Troy cut Jericho’s hair with the clippers once we all got home too. This came about because when I cut Troy’s hair with the clippers yesterday I asked all the boys if they’d want theirs done too. Jericho, for some reason I’m not really sure of, said we could clipper his hair if we hosed him off instead of making him have a bath. It was too late to do that yesterday, but that’s exactly what happened today! Troy clippered his hair on the back porch and then we took him down into the yard and hosed him down- he thought it was hilariously good fun. And he’s now got a short and easily maintained hairstyle for summer, so I’m going to encourage him to keep it for a while. His hair is so thick, it must be cooler to have it super short during the hot weather.
I taught today which, as always, had its good and bad moments. It seemed to go quickly though, which was good!
I saw Martine, the psychologist, and spoke to her after she’d spoken to Emma. She doesn’t tell me specifically what Emma says of course, but we talk in general terms about what’s worrying her and Martine tells me how she’s approaching things. She said today that Emma’s a very sensitive child and is easily upset talking about things, but she seems very comfortable sharing with Martine and they’re working on some concrete actions and goals.
I find this so difficult, but I do really like Martine.
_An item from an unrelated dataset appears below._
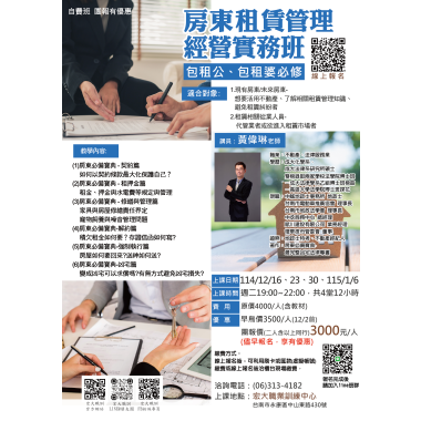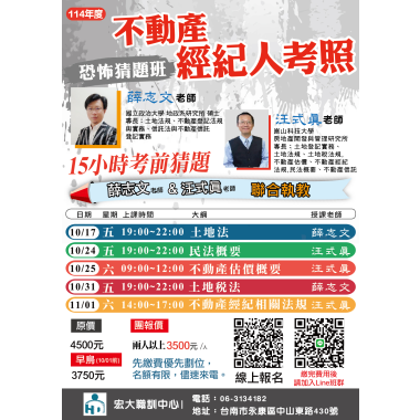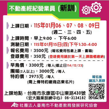 民俗調理業傳統整復推拿 114/11/5-115/1/23 民俗調理業傳統整復推拿 學科及法規班 【技術士技能檢定】 民俗調理業傳統整復推拿職類專業課程 課程介紹 我要報名 自費課程 11/17-11/21 手機維修 初階實作班 課程介紹 我要報名 產業人才投資計畫課程總表 114年度下半年產業人才投資計畫之課程總覽 政府補助 三年十萬 課程介紹 我要報名 不動產類 10/17、10/24、10/25、10/31、11/01 不動產經紀人考照-恐怖猜題班 課程介紹 我要報名 不動產類 114/10/28 - 不動產特殊規定解析班 【不動產實務課程】【專業講師】 課程介紹 我要報名 不動產類 114/10/29 不動產房屋投資、改建裝修技術工程 【不動產實務課程】【專業講師】 課程介紹 我要報名 不動產實務 【165219】114/9/18 時效取得地上權實例解析班第01期 政府補助 三年十萬 課程介紹 我要報名 不動產經紀人 10/17、10/24、10/25、10/31、11/01 不動產經紀人考照-恐怖猜題班 課程介紹 我要報名 不動產經紀人 114/11/11-11/14 不動產經紀人複訓 課程介紹 我要報名 人力資源與管理 【164809】114/10/14 ESG與碳盤查查證人員訓練班第01期 政府補助 三年十萬 課程介紹 我要報名 電腦數位科技 【165105】114/10/07 AI品牌視覺設計與應用實務班第01期 政府補助 三年十萬 課程介紹 我要報名 電腦數位科技 【165204】114/10/20 AI影音創作入門班第01期 政府補助 三年十萬 課程介紹 我要報名 職場語言 【165060】114/10/20 手語多元技能基礎班第01期 政府補助 三年十萬 課程介紹 我要報名 健康運動管理 【164995】114/10/28 樂齡運動指導員培力實務班第03期 政府補助 三年十萬 課程介紹 我要報名 人力資源與管理 【164810】114/11/2 ESG與產品碳足跡查證人員訓練班第01期 政府補助 三年十萬 課程介紹 我要報名 不動產實務 【165220】114/11/3 非都市土地變更使用實務解析班第01期 政府補助 三年十萬 課程介紹 我要報名 電腦數位科技 【164944】114/11/05 AI工作流應用實踐班第02期 政府補助 三年十萬 課程介紹 我要報名 電腦數位科技 114/11/12 AI短影片行銷班第01期 政府補助 三年十萬 課程介紹 我要報名 觀光休閒旅遊 【165183】114/11/11 觀光導遊領隊人員實務班第02期 政府補助 三年十萬 課程介紹 我要報名 製造業&服務業 短影片行銷班 1.滿10人開課 2.報名前請詳看資訊說明 課程介紹 我要報名 不動產證照補助 114(下)年度 地政士考照班 政府補助 三年十萬 【按下課程介紹】 依照各科的報名區間,連結至台灣就業通報名,謝謝!! 課程介紹 我要報名 地政士考照 114(下)年度 地政士考照班 政府補助 三年十萬 【按下課程介紹】 依照各科的報名區間,連結至台灣就業通報名,謝謝!! 課程介紹 我要報名 製造業&服務業 短影音流量經營班 1.滿10人開課 2.報名前請詳看資訊說明 課程介紹 我要報名 健康運動管理 【165064】114/11/27 樂齡活力律動帶領培訓班第03期 政府補助 三年十萬 課程介紹 我要報名 製造業&服務業 品牌社群經營攻略 1.滿10人開課 2.報名前請詳看資訊說明 課程介紹 我要報名 人力資源與管理 【164811】114/11/30 企業永續報告書撰寫實務班第01期 政府補助 三年十萬 課程介紹 我要報名 製造業&服務業 智能辦公 AI 速成班 1.滿10人開課 2.報名前請詳看資訊說明 課程介紹 我要報名 人力資源與管理 【164812】114/12/04 碳中和實務班第01期 政府補助 三年十萬 課程介紹 我要報名 人力資源與管理 【164945】114/12/05 就業服務人力仲介及管理班第01期 政府補助 三年十萬 課程介紹 我要報名 觀光休閒旅遊 【164998】114/12/06 觀光導遊領隊人員實務班第02期 政府補助 三年十萬 課程介紹 我要報名 不動產實務 【165222】114/12/11 共有土地紛爭實例處理解析班第01期 政府補助 三年十萬 課程介紹 我要報名 人力資源與管理 【164813】114/12/21 淨零碳規劃管理人員培訓實務班第01期 政府補助 三年十萬 課程介紹 我要報名 不動產經紀營業員-複訓 (複訓) 114(下) 10/28-10/30不動產經紀營業員(複訓) **請詳讀【課程介紹】與【報名須知】** **報名後請務必加入班群** 課程介紹 已額滿 不動產經紀營業員-新訓 (首次) 114(下) 11/18-21不動產經紀營業員(新訓) **請詳讀【課程介紹】與【報名須知】** **報名後請務必加入班群** 課程介紹 我要報名 不動產經紀營業員-複訓 (複訓) 114(下) 11/25-11/27不動產經紀營業員(複訓) **請詳讀【課程介紹】與【報名須知】** **報名後請務必加入班群** 課程介紹 我要報名 不動產經紀營業員-新訓 (首次) 114(下) 12/13、14、12/20、12/21不動產經紀營業員(新訓) **請詳讀【課程介紹】與【報名須知】** **報名後請務必加入班群** 課程介紹 我要報名 不動產經紀營業員-新訓 (首次) 114(下) 12/16-12/19不動產經紀營業員(新訓) **請詳讀【課程介紹】與【報名須知】** **報名後請務必加入班群** 課程介紹 我要報名 不動產經紀營業員-新訓 (首次) 115(上) 1/6- 1/9 不動產經紀營業員(新訓) **請詳讀【課程介紹】與【報名須知】** **報名後請務必加入班群** 課程介紹 我要報名 不動產經紀營業員-複訓 (複訓) 114(下) 12/29-12/31 不動產經紀營業員(複訓) **請詳讀【課程介紹】與【報名須知】** **報名後請務必加入班群** 課程介紹 我要報名 不動產經紀營業員-新訓 (首次) 115(上) 2/3-2/6 不動產經紀營業員(新訓) **請詳讀【課程介紹】與【報名須知】** **報名後請務必加入班群** 課程介紹 我要報

She definitely seems to understand Emma and her approach is very slow and gentle and based a lot on art and creativity. She said that they don’t just sit there and talk- they made a ‘worry tree’ and have been drawing a lot of things to illustrate feelings, and even when they are just talking they were decorating butterflies with textas. She said today that it’s going to take a while though. Emma’s feeling pretty fragile, and there’s a lot that we need to do to build up her confidence and resilience.
I guess I just kind of hate that so much of it is my fault. I totally understand that there’s nothing I could have done that would change this, and that really we shielded the kids as much as we could and probably better than a lot of people in the same situation would have been able to…but that doesn’t mean it doesn’t suck.